◆ MATERIAL SUPPLIED ◆

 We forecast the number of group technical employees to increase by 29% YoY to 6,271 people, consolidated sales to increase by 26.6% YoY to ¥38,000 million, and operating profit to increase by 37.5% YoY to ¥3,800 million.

==

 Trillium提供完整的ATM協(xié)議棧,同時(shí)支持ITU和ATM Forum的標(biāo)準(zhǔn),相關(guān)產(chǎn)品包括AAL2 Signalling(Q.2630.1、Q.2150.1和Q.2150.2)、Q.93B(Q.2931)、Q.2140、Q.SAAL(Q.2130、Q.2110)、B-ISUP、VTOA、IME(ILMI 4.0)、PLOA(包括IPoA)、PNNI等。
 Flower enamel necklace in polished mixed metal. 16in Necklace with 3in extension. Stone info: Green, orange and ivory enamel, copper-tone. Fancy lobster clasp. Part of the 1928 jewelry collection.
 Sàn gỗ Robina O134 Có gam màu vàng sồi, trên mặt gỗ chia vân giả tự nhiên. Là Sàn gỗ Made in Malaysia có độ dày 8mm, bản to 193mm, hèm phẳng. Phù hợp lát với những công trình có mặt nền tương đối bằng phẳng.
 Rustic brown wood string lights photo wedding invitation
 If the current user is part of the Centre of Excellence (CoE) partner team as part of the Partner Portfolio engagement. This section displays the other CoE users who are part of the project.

◆ PROBLEM TO WORK ON ◆
Return exactly the lines above from the line that has "Flower enamel necklace" through the line that has "If the current", inclusive, and nothing else.

◆ TASK OUTPUT ◆
 Flower enamel necklace in polished mixed metal. 16in Necklace with 3in extension. Stone info: Green, orange and ivory enamel, copper-tone. Fancy lobster clasp. Part of the 1928 jewelry collection.
 Sàn gỗ Robina O134 Có gam màu vàng sồi, trên mặt gỗ chia vân giả tự nhiên. Là Sàn gỗ Made in Malaysia có độ dày 8mm, bản to 193mm, hèm phẳng. Phù hợp lát với những công trình có mặt nền tương đối bằng phẳng.
 Rustic brown wood string lights photo wedding invitation
 If the current user is part of the Centre of Excellence (CoE) partner team as part of the Partner Portfolio engagement. This section displays the other CoE users who are part of the project.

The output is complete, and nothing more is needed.